Los meses de discusión llevaron a la tribuna los mismos argumentos que poquito antes se habían defendido con las armas. Lo que estuvo en disputa en el campo de batalla era lo mismo que luego se disputaba en el Congreso Constituyente: el modelo de nación, el tipo de país que merecíamos después de que un millón de mexicanos muriera en ese capítulo de nuestra historia conocido como la Revolución Mexicana.
La verdad es que, aunque de esas discusiones emergió nuestra actual Constitución, la discusión no se agotó, ni mucho menos. El campo de fuerzas se trasladó a la arena política. De la lucha que se dio por el articulado constitucional se pasó a la lucha por su implementación. Llegamos así a una situación en la que se decía que teníamos una Constitución ejemplar, por lo progresista de sus postulados, pero que desgraciadamente… no se aplicaba. Quienes perdieron la batalla militar y luego la discusión parlamentaria ganaron, sin embargo, el andamiaje institucional. Perdieron la redacción de las leyes (y no de todas) pero ganaron la manera de aplicarlas y, por supuesto, lo hicieron a su manera y de conformidad con sus intereses.
De cualquier manera, el nuevo pacto de clases plasmado en la Constitución de 1917 empezó a mostrar sus límites alrededor de los años sesenta, hasta reventar en la década de los 80´s, etapa en la que se intensifica el afán reformador, que se expresa en las más de 700 reformas o ajustes constitucionales registradas hasta el año pasado. Por supuesto, las más relevantes, que no las únicas, son las que se impulsaron durante el régimen de Peña Nieto bajo el membrete de “reformas estructurales” sin las cuales no se explicaría el país tan desigual que hoy tenemos.

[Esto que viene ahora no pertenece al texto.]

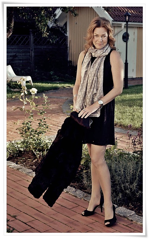 För någon vecka sedan var jag ute på representationsgalej med älsklingen, och då blev det klackar och clutch (festligt namn) och hela baletten. Köpte en enkel svart klänning i genombruten spets, med underklänning, på Tullhuset. Svart pälsjacka från MQ och en silkessjal, också den från Tullhuset,
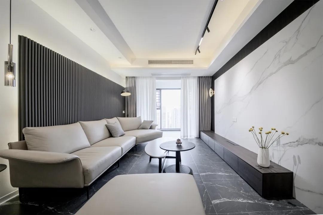 来到客厅,大理石纹瓷砖一路通铺,从玄关一直延伸至客厅,让空间看起来更加大气,扩大餐客联通的空间优势。
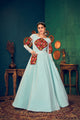 Drape yourself in elegance and charm with this pista green semi-stitched gown, designed from luxurious georgette fabric. Adorned with intricate embroidered work featuring real mirrors and pearls, this gown is a statement of sophistication. The addition of a waist belt enhances the silhouette, offering a perfect blend of tradition and modernity. This semi-stitched gown is customizable from size 34 to 46, making it an ideal pick for festive occasions, weddings, and celebrations.
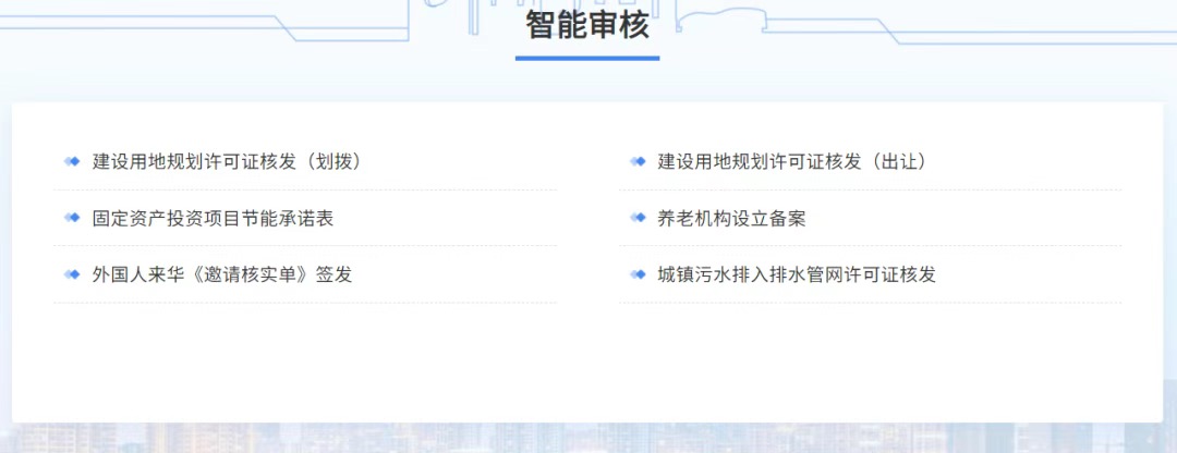 以“電子核驗”替代“紙質流轉”!智能審批模塊當前集成建設用地規劃許可證核發(劃撥)、建設用地規劃許可證核發(出讓)、固定資產投資項目節能承諾表、養老機構設立備案、外國人來華《邀請核實單》簽發、城鎮污水排入排水管網許可證核發6項業務。申報人無需前往現場辦理,在家即可上傳申請資料,實時查看審批結果。對于審批人員來說,智能填表既提高了工作效率,又提升了審批的科學性、準確性。

Pues bien, la lucha no ha cesado. Continúa en la pugna por reformar la Constitución en un sentido o en otro. Son sensibles los cambios logrados en el actual periodo obradorista, pero a todas luces insuficientes si se quiere deshacer el entramado legal-institucional construido durante el llamado periodo neoliberal. Por eso la lucha por la presidencia de la Suprema Corte de Justicia, por el INE, el Banco de México, por todos y cada uno de los espacios donde se cocinan o se aplican las leyes. La institucionalidad es el actual campo de batalla.